I berated myself prior to acting for what I knew I would do; but when the moment came and I knew I had to snatch it and every bit of opportunity it provided, I could not afford to hesitate. Running the thumb of my right hand along the length of his hand, still resting upon my shoulder, I allowed it to stop at his wrist. I imagined the frantic shifting of his eyes as he watched my movements and fantasized that for the first time in my life I had shocked and undone the affectedly superior composure of the untouchable Potions professor.

Latching onto his wrist with what I hoped to be an irremovable grip, I removed his hand from my shoulder. The next portion of the choreography had to be completed quickly and with the utmost caution, for I could see in the lines of his body that he already feared himself to be an incriminated and apprehended man. As fluidly as I could, I retained my grip on his hand while rising from the bed and moving to stand before him, slowing bringing our hands between us.

I bit my lip and stared up at him, transfixed by the sheer height and breadth of the man before me. He began to move his fingers, sensing that I had no intention of removing my hand from his wrist. Deftly he turned his wrist in my grip until his fingers were brushing the skin of the underside of my wrist; they were longer than I had anticipated, and I shivered uncontrollably as they trailed a distance along my forearm, almost teasing in the lightness of their contact against the skin.

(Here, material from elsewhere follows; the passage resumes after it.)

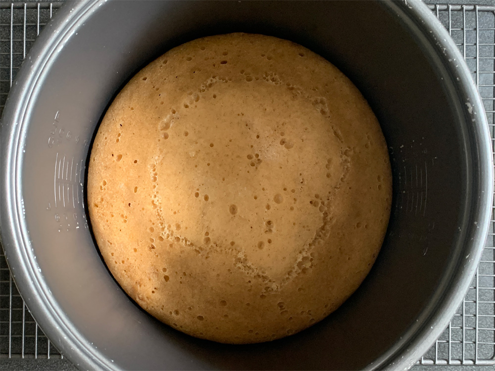 7. *Note: Top side of the cake cannot be browned, but the cake looks fine upside-down. It took 40 minutes for my rice cooker to cook.

Determined that I would not be outdone in my assiduous seduction, I began to move even closer, praying that the arrhythmic, galloping rate of my heart did not foretell a sudden loss of nerves and a fit of fainting.

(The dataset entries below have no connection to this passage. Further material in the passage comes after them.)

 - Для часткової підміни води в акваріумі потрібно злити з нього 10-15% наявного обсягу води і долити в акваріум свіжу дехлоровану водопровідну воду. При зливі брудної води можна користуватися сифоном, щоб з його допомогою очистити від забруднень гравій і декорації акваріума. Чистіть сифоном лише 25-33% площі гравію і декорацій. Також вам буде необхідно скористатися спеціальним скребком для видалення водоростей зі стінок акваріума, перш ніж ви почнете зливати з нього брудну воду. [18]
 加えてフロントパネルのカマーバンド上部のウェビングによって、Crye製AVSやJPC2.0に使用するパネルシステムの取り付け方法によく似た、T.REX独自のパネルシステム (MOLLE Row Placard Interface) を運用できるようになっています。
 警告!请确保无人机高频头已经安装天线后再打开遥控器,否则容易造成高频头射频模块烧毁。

My cognitive processes were suffering as a result of my impaired ability to breathe. Wading through muddied thoughts, I endeavored to put words to the myriad emotions crossing his face in a fleeting display of fear, hope, and confusion, tempered by the visible tightening of his shoulders and a stormy intensity of the dark eyes through which he regarded me. They seemed to cloud and then sharpen. Instinct alone provided me with the comprehension that intellect could not as I dared to take the final step until I was directly beneath him, my eyes on par with the level of his collarbone. I could now feel his movements as his head bent lower to meet mine.